%%

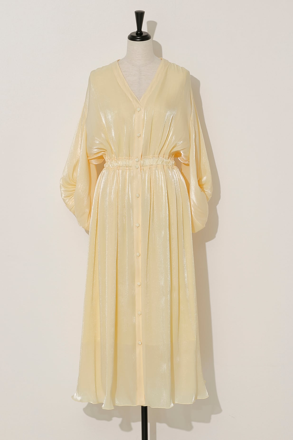 ギャザーが生み出す柔らかなドレープが優しげな表情を魅せるドレス。
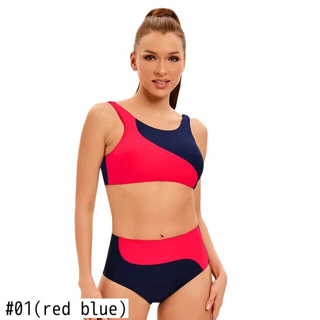 送料無料 赤青パッチワーク水着女性 2023 ウエスト 2 ピースビキニ U ネックサスペンダー背中の開いた水着水着ビーチ水着 レッド ブルー AE33232335546690708947
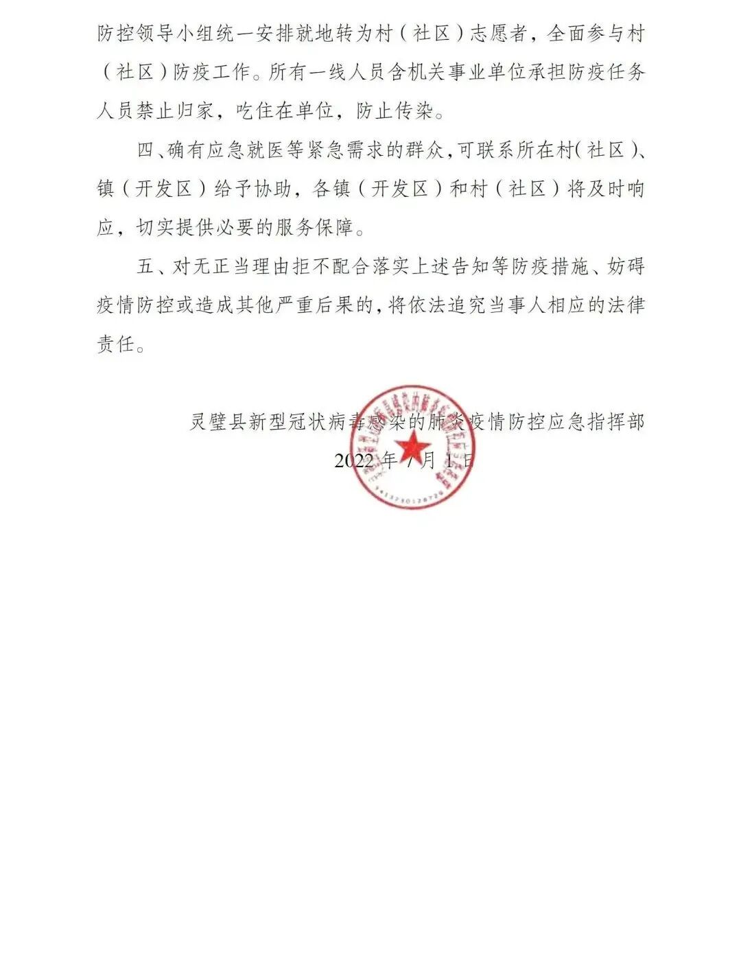 鉴于当前周边地区严峻复杂的疫情防控形势,且灵璧县已有关联病例,为快速阻断疫情传播,切实维护全县人民群众生命安全和身体健康,尽快实现疫情动态清零目标,经灵璧县疫情防控应急指挥部研究决定,自2022年7月1日16时起,在灵璧全县范围内实施足不出户管控措施。
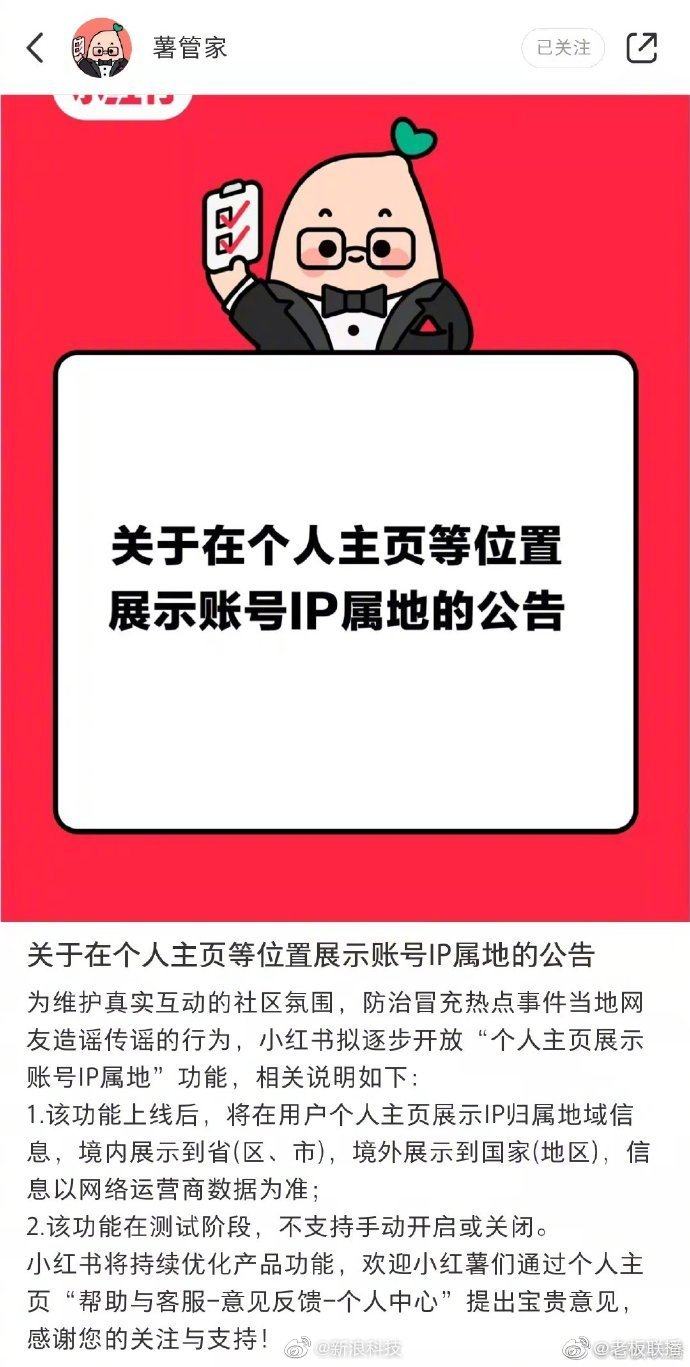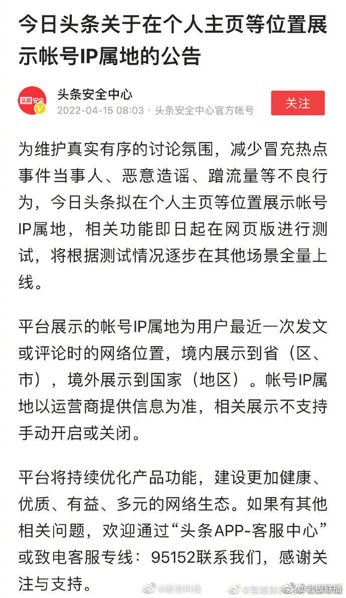 近日,今日头条、抖音、快手、小红书等各大互联网平台相继上线“网络用户IP地址显示功能”,境外显示国家,境内显示到省市,且该功能无法关闭,IP地址为强制显示项目。

%%

**Assignment:**
Recopy the full listing exactly, passing over any picture.

**Output for this exercise:**
 ギャザーが生み出す柔らかなドレープが優しげな表情を魅せるドレス。
 送料無料 赤青パッチワーク水着女性 2023 ウエスト 2 ピースビキニ U ネックサスペンダー背中の開いた水着水着ビーチ水着 レッド ブルー AE33232335546690708947
 鉴于当前周边地区严峻复杂的疫情防控形势,且灵璧县已有关联病例,为快速阻断疫情传播,切实维护全县人民群众生命安全和身体健康,尽快实现疫情动态清零目标,经灵璧县疫情防控应急指挥部研究决定,自2022年7月1日16时起,在灵璧全县范围内实施足不出户管控措施。
 近日,今日头条、抖音、快手、小红书等各大互联网平台相继上线“网络用户IP地址显示功能”,境外显示国家,境内显示到省市,且该功能无法关闭,IP地址为强制显示项目。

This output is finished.